Der kurze Impuls immer auf demselben Eingang, egal welches Stockwerk erreicht wird? Oder je Stockwerk 1 Eingang? Vielleicht sogar Richtungs-abhängig 2 Eingänge bei den Stockwerken 2 und 3?



lospos schrieb:


> Innerhalb der Fahrstuhlkabine befinden sich vier Taster, über die das anzufahrende Stockwerk angegeben werden kann. Der mit SS beschriftete Taster dient zum Auslösen eines "Nothalts".

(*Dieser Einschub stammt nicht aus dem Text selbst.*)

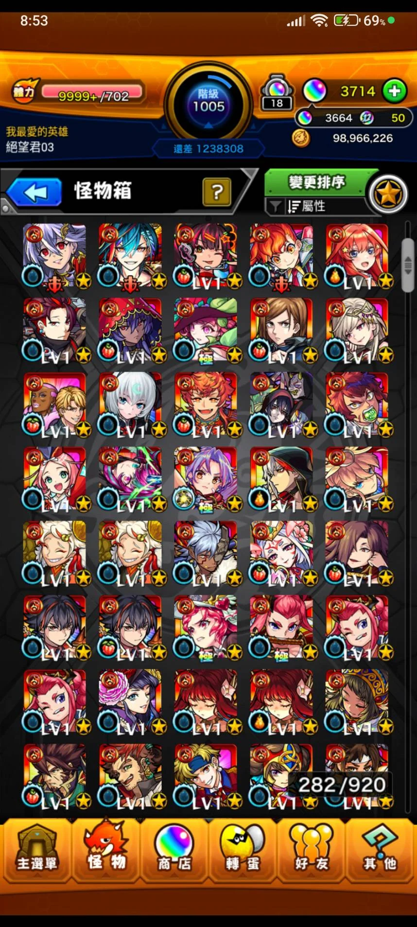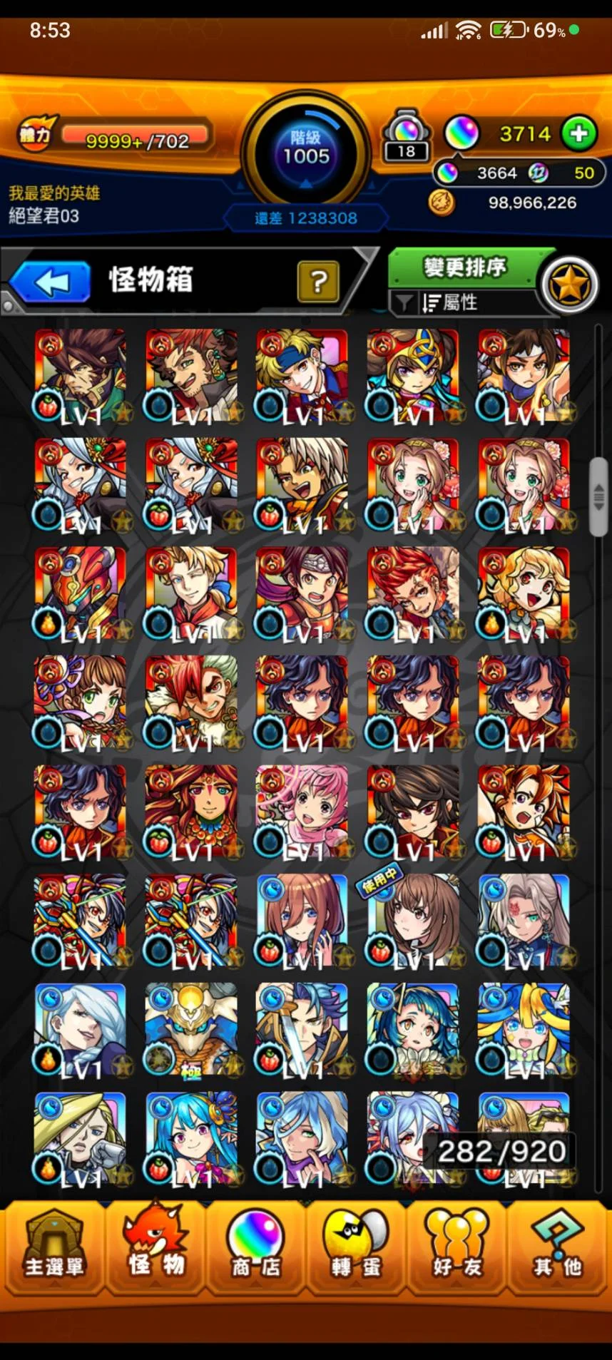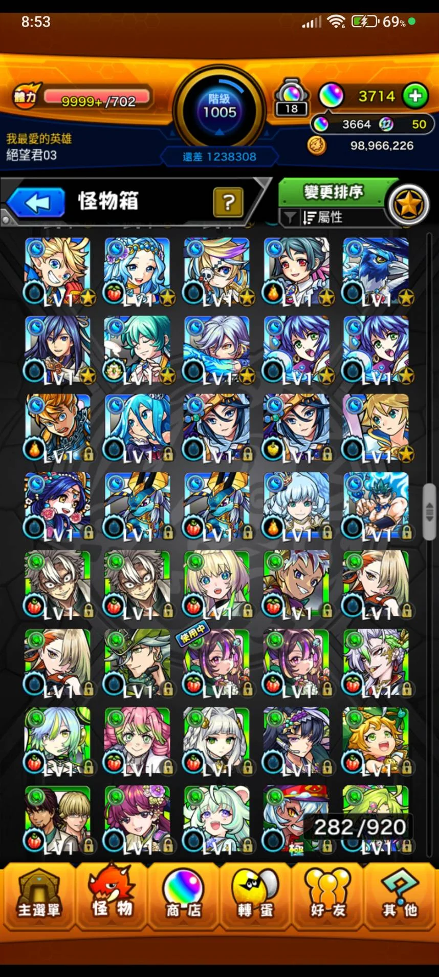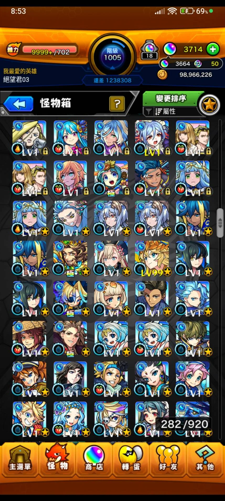 如題~等級1005等 寶珠3664顆(12月12日更新~)

Wo befindet sich denn dieser mit SS beschriftete Taster? Innerhalb der Kabine gibt es doch nur die 4 Taster, mit denen das anzufahrende Stockwerk angewählt werden kann.
Was passiert nach dem Auslösen eines "NotHalts"? Wird der Zustand "NotHalt" irgendwo angezeigt? Wo? Wie?
Darf der Fahrgast durch erneutes Anwählen eines ZielStockwerks (oder durch wiederholtes Betätigen des NotHaltTasters) die Fahrt fortsetzen?
Dürfen es die "AussenStehenden" auf den Stockwerken 1 bis 4?
Oder wird automatisch der Service über den NotHalt angefordert und macht sich flugs auf den Weg zum Fahrstuhl? Welche BedienOberfläche steht denn für den Service zur Verfügung?



lospos schrieb:


> Die aktuelle Fahrtrichtung des Aufzugs wird über zwei Leuchtanzeigen (HU bzw. HD) angezeigt, das aktuelle Stockwerk über die Digitalanzeige F.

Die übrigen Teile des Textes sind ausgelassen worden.